(Excerpts from a dataset)
──────────

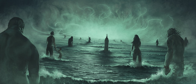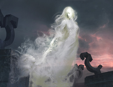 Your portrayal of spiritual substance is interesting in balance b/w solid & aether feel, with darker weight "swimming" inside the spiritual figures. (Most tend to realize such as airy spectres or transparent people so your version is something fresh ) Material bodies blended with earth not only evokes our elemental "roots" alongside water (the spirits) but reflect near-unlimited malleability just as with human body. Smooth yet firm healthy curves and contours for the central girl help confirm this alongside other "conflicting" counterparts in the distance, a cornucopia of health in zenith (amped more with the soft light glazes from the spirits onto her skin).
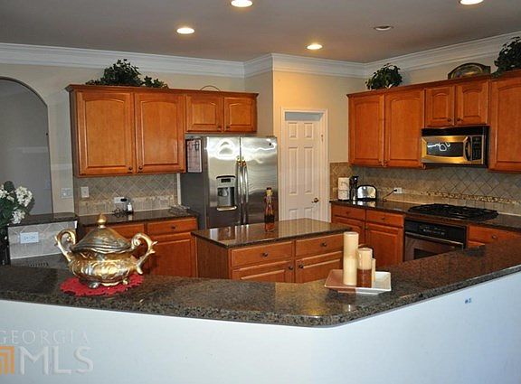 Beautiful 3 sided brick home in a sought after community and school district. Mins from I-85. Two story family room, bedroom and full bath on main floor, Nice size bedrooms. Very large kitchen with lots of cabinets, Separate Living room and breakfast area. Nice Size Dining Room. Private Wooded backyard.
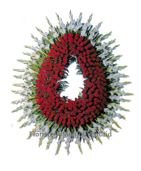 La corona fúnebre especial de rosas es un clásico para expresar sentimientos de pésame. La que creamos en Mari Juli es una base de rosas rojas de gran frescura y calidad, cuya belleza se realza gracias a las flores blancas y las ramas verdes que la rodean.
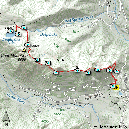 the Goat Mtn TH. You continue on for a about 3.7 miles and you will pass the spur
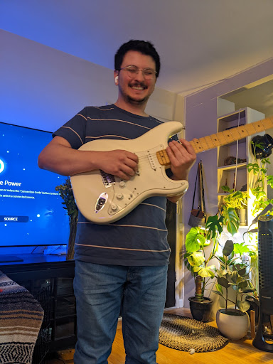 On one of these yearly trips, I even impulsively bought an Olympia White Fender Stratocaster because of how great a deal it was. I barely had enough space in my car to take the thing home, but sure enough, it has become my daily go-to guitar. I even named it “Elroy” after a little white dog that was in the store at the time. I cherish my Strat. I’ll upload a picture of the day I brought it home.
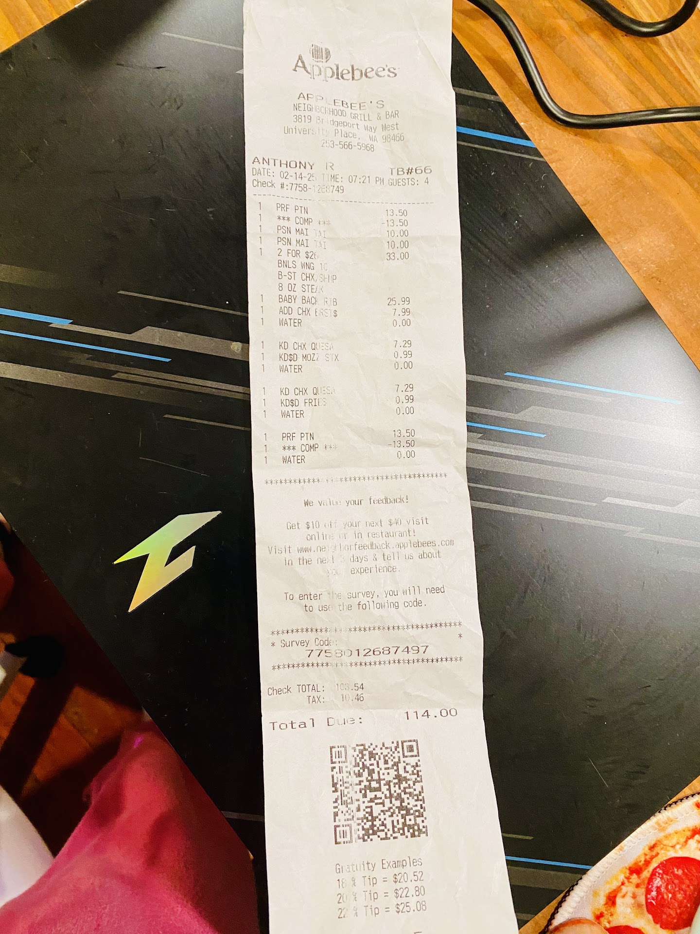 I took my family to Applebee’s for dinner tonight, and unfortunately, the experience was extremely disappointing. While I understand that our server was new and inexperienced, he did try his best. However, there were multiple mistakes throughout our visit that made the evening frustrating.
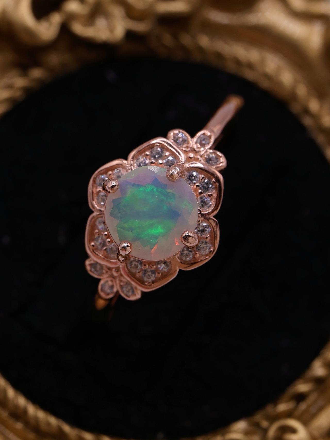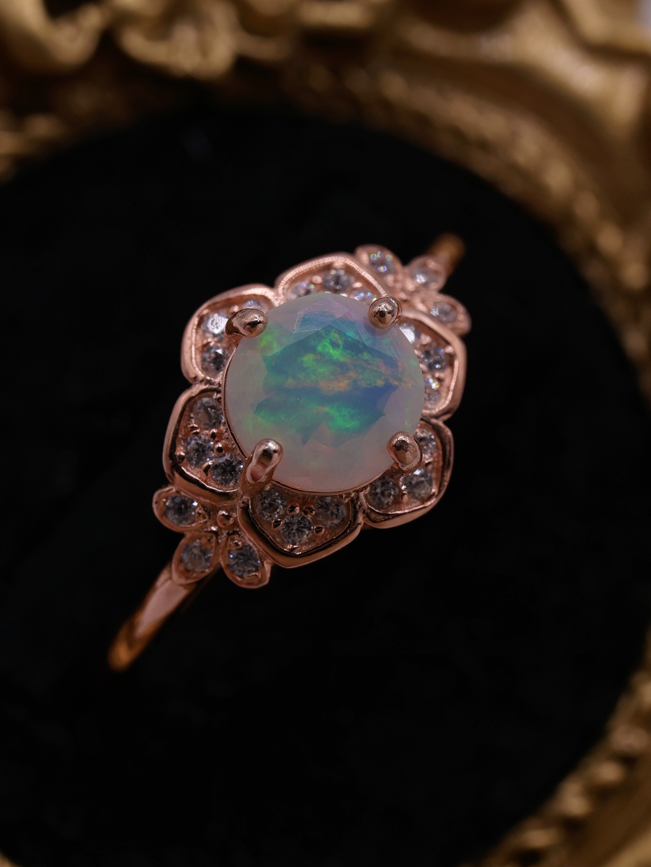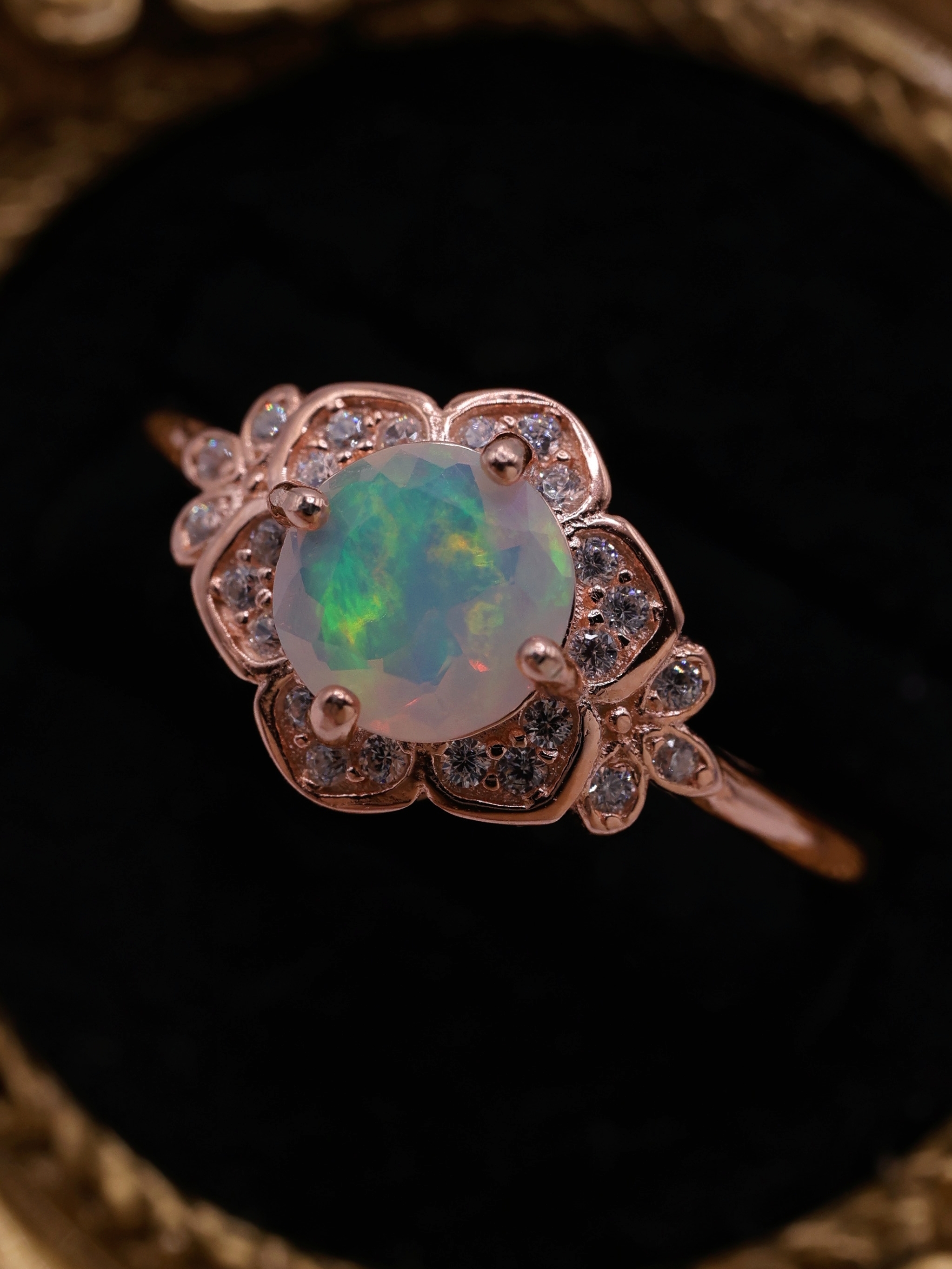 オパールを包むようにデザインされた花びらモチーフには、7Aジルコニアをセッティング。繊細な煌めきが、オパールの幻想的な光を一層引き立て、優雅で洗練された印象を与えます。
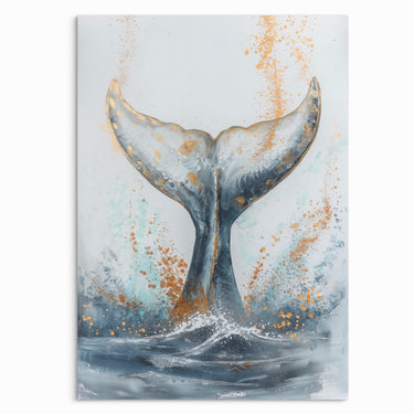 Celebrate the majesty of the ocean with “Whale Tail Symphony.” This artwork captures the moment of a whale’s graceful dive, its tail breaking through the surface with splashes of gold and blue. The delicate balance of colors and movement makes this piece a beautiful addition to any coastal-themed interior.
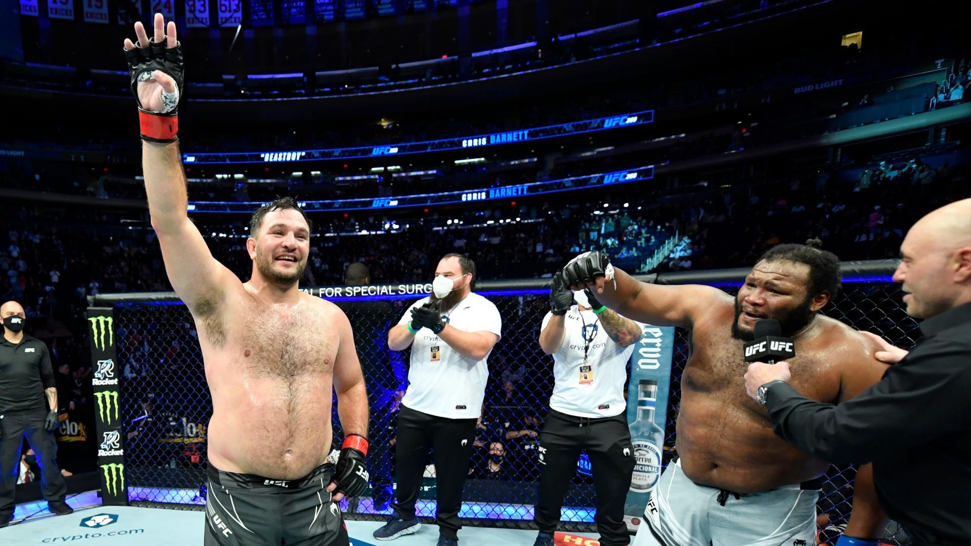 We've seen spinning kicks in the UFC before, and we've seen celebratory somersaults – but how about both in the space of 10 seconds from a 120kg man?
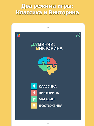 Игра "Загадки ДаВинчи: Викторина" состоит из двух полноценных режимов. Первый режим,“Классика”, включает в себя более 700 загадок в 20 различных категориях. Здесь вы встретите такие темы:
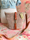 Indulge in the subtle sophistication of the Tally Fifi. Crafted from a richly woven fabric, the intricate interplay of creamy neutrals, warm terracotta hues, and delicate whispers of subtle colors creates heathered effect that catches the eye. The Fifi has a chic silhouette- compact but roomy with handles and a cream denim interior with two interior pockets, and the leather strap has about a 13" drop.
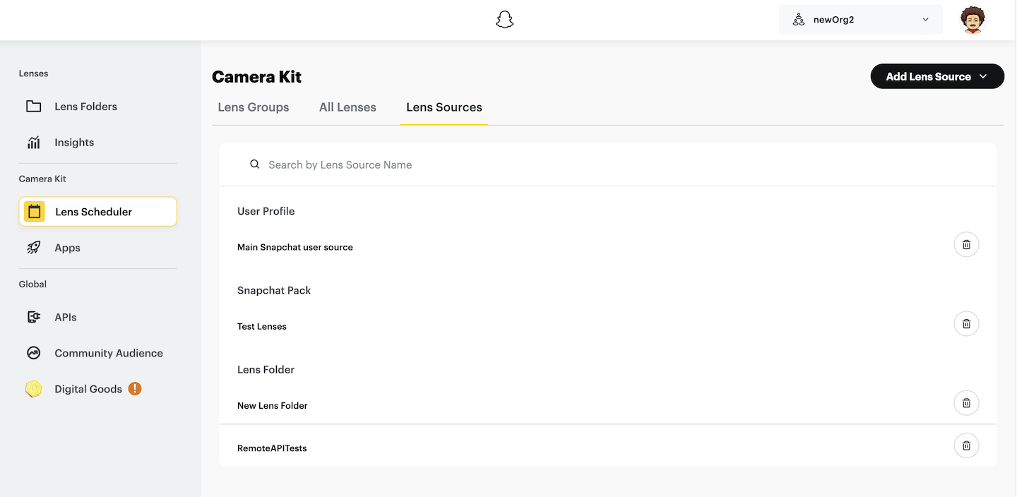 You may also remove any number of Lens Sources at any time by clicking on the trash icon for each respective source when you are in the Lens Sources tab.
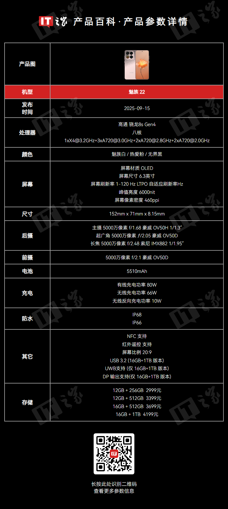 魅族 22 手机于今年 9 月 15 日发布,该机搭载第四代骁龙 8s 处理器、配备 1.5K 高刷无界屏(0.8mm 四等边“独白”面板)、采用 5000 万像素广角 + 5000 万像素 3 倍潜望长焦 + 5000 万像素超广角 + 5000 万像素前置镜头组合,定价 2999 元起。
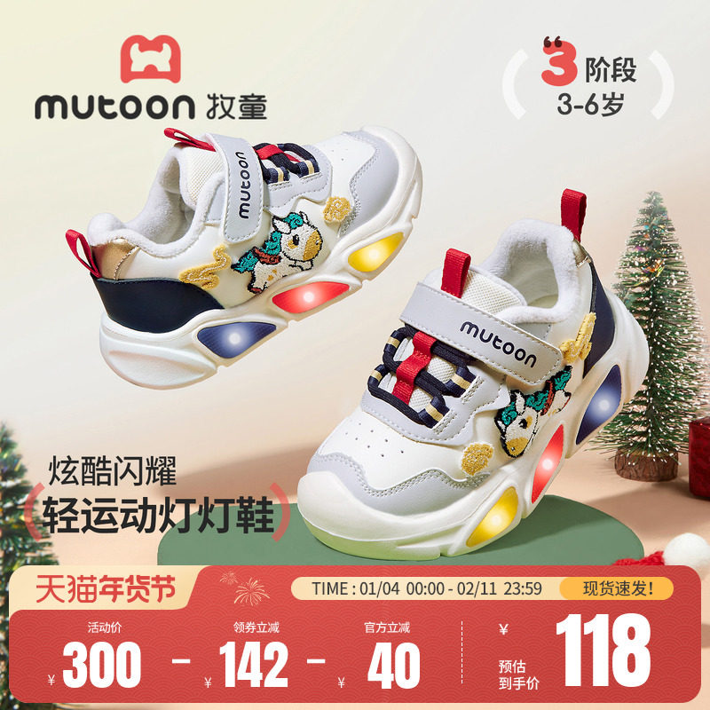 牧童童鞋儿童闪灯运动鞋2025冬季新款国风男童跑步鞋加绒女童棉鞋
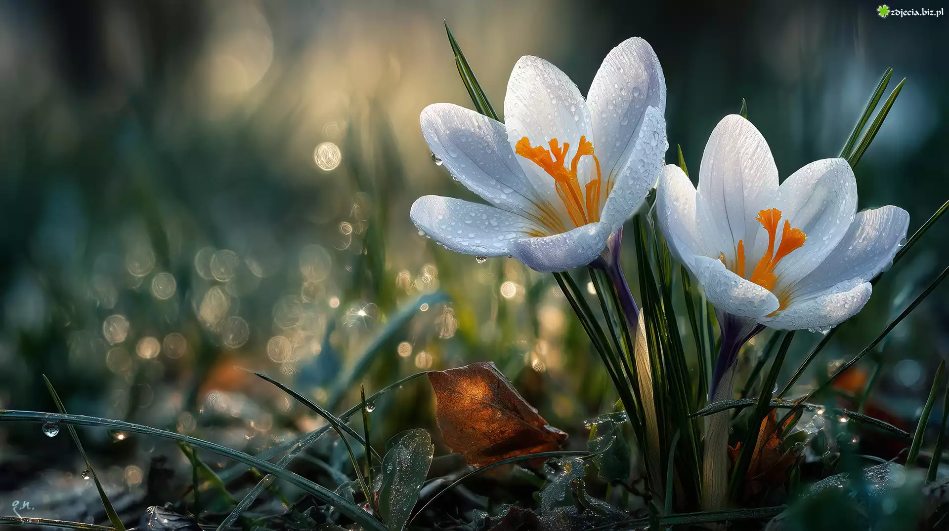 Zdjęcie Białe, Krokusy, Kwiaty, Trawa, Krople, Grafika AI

──────────

■ Description of the task: Without copying any picture, repeat all of the entries exactly.

■ Reply to the task:
 Your portrayal of spiritual substance is interesting in balance b/w solid & aether feel, with darker weight "swimming" inside the spiritual figures. (Most tend to realize such as airy spectres or transparent people so your version is something fresh ) Material bodies blended with earth not only evokes our elemental "roots" alongside water (the spirits) but reflect near-unlimited malleability just as with human body. Smooth yet firm healthy curves and contours for the central girl help confirm this alongside other "conflicting" counterparts in the distance, a cornucopia of health in zenith (amped more with the soft light glazes from the spirits onto her skin).
 Beautiful 3 sided brick home in a sought after community and school district. Mins from I-85. Two story family room, bedroom and full bath on main floor, Nice size bedrooms. Very large kitchen with lots of cabinets, Separate Living room and breakfast area. Nice Size Dining Room. Private Wooded backyard.
 La corona fúnebre especial de rosas es un clásico para expresar sentimientos de pésame. La que creamos en Mari Juli es una base de rosas rojas de gran frescura y calidad, cuya belleza se realza gracias a las flores blancas y las ramas verdes que la rodean.
 the Goat Mtn TH. You continue on for a about 3.7 miles and you will pass the spur
 On one of these yearly trips, I even impulsively bought an Olympia White Fender Stratocaster because of how great a deal it was. I barely had enough space in my car to take the thing home, but sure enough, it has become my daily go-to guitar. I even named it “Elroy” after a little white dog that was in the store at the time. I cherish my Strat. I’ll upload a picture of the day I brought it home.
 I took my family to Applebee’s for dinner tonight, and unfortunately, the experience was extremely disappointing. While I understand that our server was new and inexperienced, he did try his best. However, there were multiple mistakes throughout our visit that made the evening frustrating.
 オパールを包むようにデザインされた花びらモチーフには、7Aジルコニアをセッティング。繊細な煌めきが、オパールの幻想的な光を一層引き立て、優雅で洗練された印象を与えます。
 Celebrate the majesty of the ocean with “Whale Tail Symphony.” This artwork captures the moment of a whale’s graceful dive, its tail breaking through the surface with splashes of gold and blue. The delicate balance of colors and movement makes this piece a beautiful addition to any coastal-themed interior.
 We've seen spinning kicks in the UFC before, and we've seen celebratory somersaults – but how about both in the space of 10 seconds from a 120kg man?
 Игра "Загадки ДаВинчи: Викторина" состоит из двух полноценных режимов. Первый режим,“Классика”, включает в себя более 700 загадок в 20 различных категориях. Здесь вы встретите такие темы:
 Indulge in the subtle sophistication of the Tally Fifi. Crafted from a richly woven fabric, the intricate interplay of creamy neutrals, warm terracotta hues, and delicate whispers of subtle colors creates heathered effect that catches the eye. The Fifi has a chic silhouette- compact but roomy with handles and a cream denim interior with two interior pockets, and the leather strap has about a 13" drop.
 You may also remove any number of Lens Sources at any time by clicking on the trash icon for each respective source when you are in the Lens Sources tab.
 魅族 22 手机于今年 9 月 15 日发布,该机搭载第四代骁龙 8s 处理器、配备 1.5K 高刷无界屏(0.8mm 四等边“独白”面板)、采用 5000 万像素广角 + 5000 万像素 3 倍潜望长焦 + 5000 万像素超广角 + 5000 万像素前置镜头组合,定价 2999 元起。
 牧童童鞋儿童闪灯运动鞋2025冬季新款国风男童跑步鞋加绒女童棉鞋
 Zdjęcie Białe, Krokusy, Kwiaty, Trawa, Krople, Grafika AI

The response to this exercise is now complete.